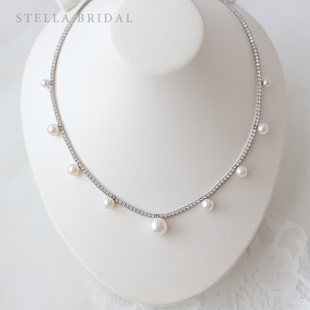 繊細なテニスチェーンに厳選された淡水パールをあしらった、エレガントなステーションネックレス。
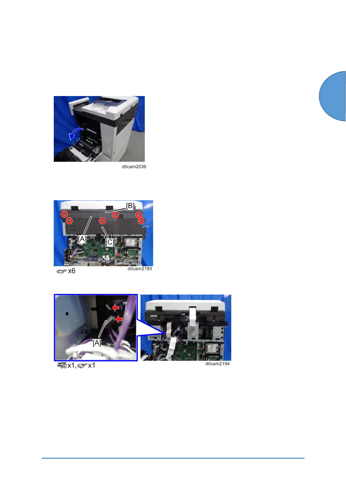 2. Remove the scanner rear cover [A],scanner rear small cover [B] and the rear upper cover
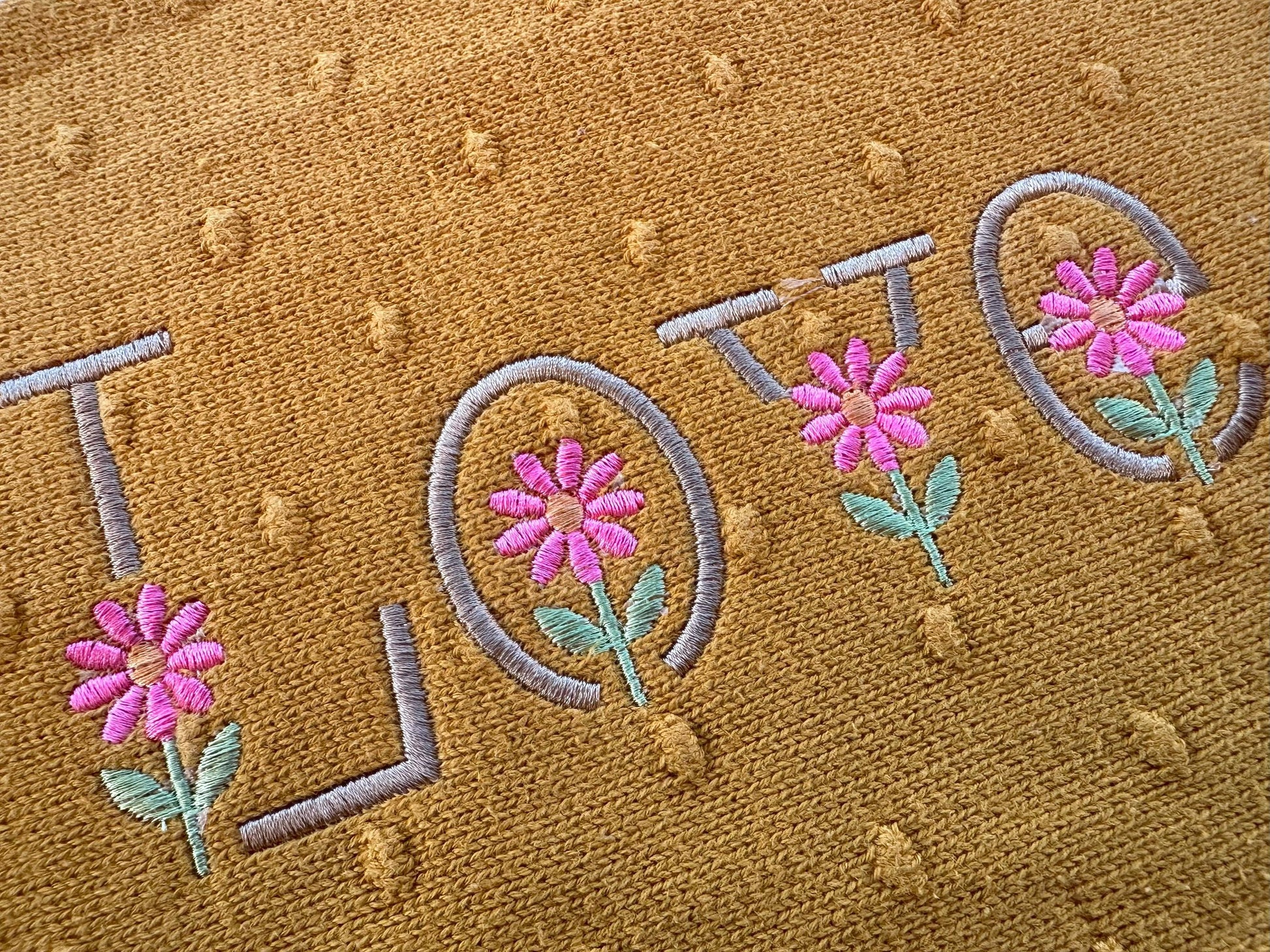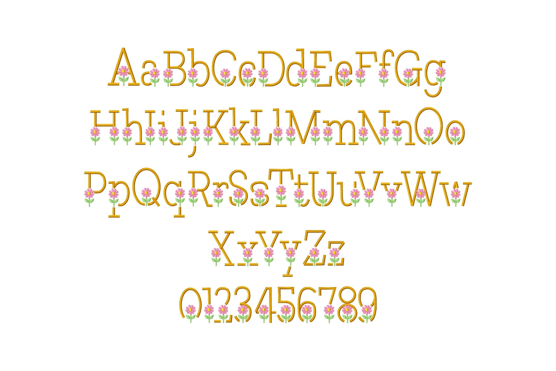 Satin stitch Spring Flower Font SET of 2 fonts blank and flowered machine embroidery designs kids baby monogram sizes 1 up to 2.9 inch BX
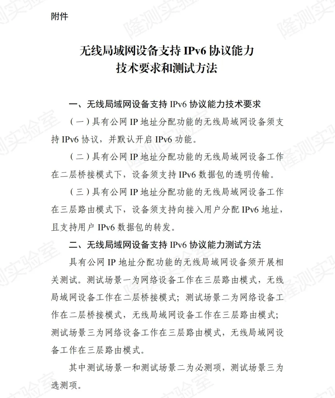 附件:无线局域网设备支持IPv6协议能力技术要求和测试方法

:: Directions ::
Without including any picture, set down every line above exactly as it stands.

:: Completed task ::
 繊細なテニスチェーンに厳選された淡水パールをあしらった、エレガントなステーションネックレス。
 2. Remove the scanner rear cover [A],scanner rear small cover [B] and the rear upper cover
 Satin stitch Spring Flower Font SET of 2 fonts blank and flowered machine embroidery designs kids baby monogram sizes 1 up to 2.9 inch BX
 附件:无线局域网设备支持IPv6协议能力技术要求和测试方法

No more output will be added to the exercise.